BALUNYWA BUDALA……….………………………………………………….ACCUSED


BEFORE: THE HON. LADY JUSTICE FLAVIA SENOGA ANGLIN



JUDGMENT



BALUNYWA BUDALA the accused person in this case was indicted for Rape c/s 123 & 124 of the Penal Code Act.


The case for the prosecution is that the accused person on 15.02.10 at Butondolo village in Iganga District had unlawful carnal knowledge of Nangobi Edinansi Byamwilya without her consent.


The accused denied the indictment. He stated that during the night in question, he was at his home preparing himself for school. The next day he was arrested on his way from school and told he had stolen a shirt from one Henry. He denied ever having stolen the shirt.


The prosecution called 8 witnesses in a bid to prove its case.


The issues for the court to determine that also constitute the ingredients of the offence are the following:

  1. Whether there was carnal knowledge of the complainant.

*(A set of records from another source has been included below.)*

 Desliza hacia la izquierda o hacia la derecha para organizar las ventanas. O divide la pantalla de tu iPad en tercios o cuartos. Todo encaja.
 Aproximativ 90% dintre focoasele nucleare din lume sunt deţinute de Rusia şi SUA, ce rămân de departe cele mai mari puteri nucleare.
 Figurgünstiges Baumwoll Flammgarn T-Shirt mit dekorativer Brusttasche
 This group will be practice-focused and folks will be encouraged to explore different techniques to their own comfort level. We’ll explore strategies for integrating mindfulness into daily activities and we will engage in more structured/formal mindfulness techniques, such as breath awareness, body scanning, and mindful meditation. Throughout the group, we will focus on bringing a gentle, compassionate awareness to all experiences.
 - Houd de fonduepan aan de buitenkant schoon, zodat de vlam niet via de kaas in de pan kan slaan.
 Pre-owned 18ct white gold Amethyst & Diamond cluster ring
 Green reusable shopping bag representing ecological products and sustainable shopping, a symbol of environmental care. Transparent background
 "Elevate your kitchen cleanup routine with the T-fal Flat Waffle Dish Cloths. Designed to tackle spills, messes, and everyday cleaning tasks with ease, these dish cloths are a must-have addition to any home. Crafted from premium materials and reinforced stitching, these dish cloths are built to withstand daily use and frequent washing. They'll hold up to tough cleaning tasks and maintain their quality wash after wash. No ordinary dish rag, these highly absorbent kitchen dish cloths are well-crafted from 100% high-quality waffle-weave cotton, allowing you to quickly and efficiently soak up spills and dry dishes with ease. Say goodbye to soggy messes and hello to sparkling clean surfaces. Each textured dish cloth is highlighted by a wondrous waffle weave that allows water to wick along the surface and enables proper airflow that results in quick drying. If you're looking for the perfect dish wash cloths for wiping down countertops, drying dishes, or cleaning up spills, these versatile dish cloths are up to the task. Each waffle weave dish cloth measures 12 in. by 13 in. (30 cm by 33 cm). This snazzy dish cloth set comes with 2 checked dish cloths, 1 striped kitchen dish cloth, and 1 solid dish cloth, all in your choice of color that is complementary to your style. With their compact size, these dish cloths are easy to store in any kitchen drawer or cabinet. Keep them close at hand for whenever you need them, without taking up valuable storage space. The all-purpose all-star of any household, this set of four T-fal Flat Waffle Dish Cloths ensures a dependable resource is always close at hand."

  2. If so, whether the act was committed without her consent or with consent obtained by threats, deception or violence

  3. Whether it is the accused who had carnal knowledge of the complainant – See Charles Katende Vs. Uganda [1971]2 ULR 16.


In determining this case, I bear in mind the duty of the prosecution to prove all the ingredients of the offence beyond all reasonable doubt. This burden never shifts save in a few exceptional cases provided for by law.


The accused person has no legal burden to prove his innocence. Even where he raises a defence, the duty still remains on the prosecution to prove beyond all reasonable doubt that nonetheless the offence was committed and that it was committed by the accused.


The prosecution case against the accused person should be so strong as to leave only a remote possibility in his favour. Refer to Section 101 of the Evidence Act, Woolmington Vs. DPP (1935) AC 462; Miller Vs. Minister of Pensions.


To prove the act of sexual intercourse, the prosecution relied upon the evidence of PW2 the complainant Edinansi Nangobi Byamwilya and PW1 Doctor Bamudaziza who examined both the complainant and the accused person.


PW2’s evidence was that during the night in question, at about 1am while she was sleeping, someone opened her door and ordered her to get up and take him to one Badeebye’s home. She was then dragged from her bed, pushed down and the assailant sat on her and held her by the neck. In her struggle to extricate herself her right arm was dislocated. The assailant then had sex with her against her will.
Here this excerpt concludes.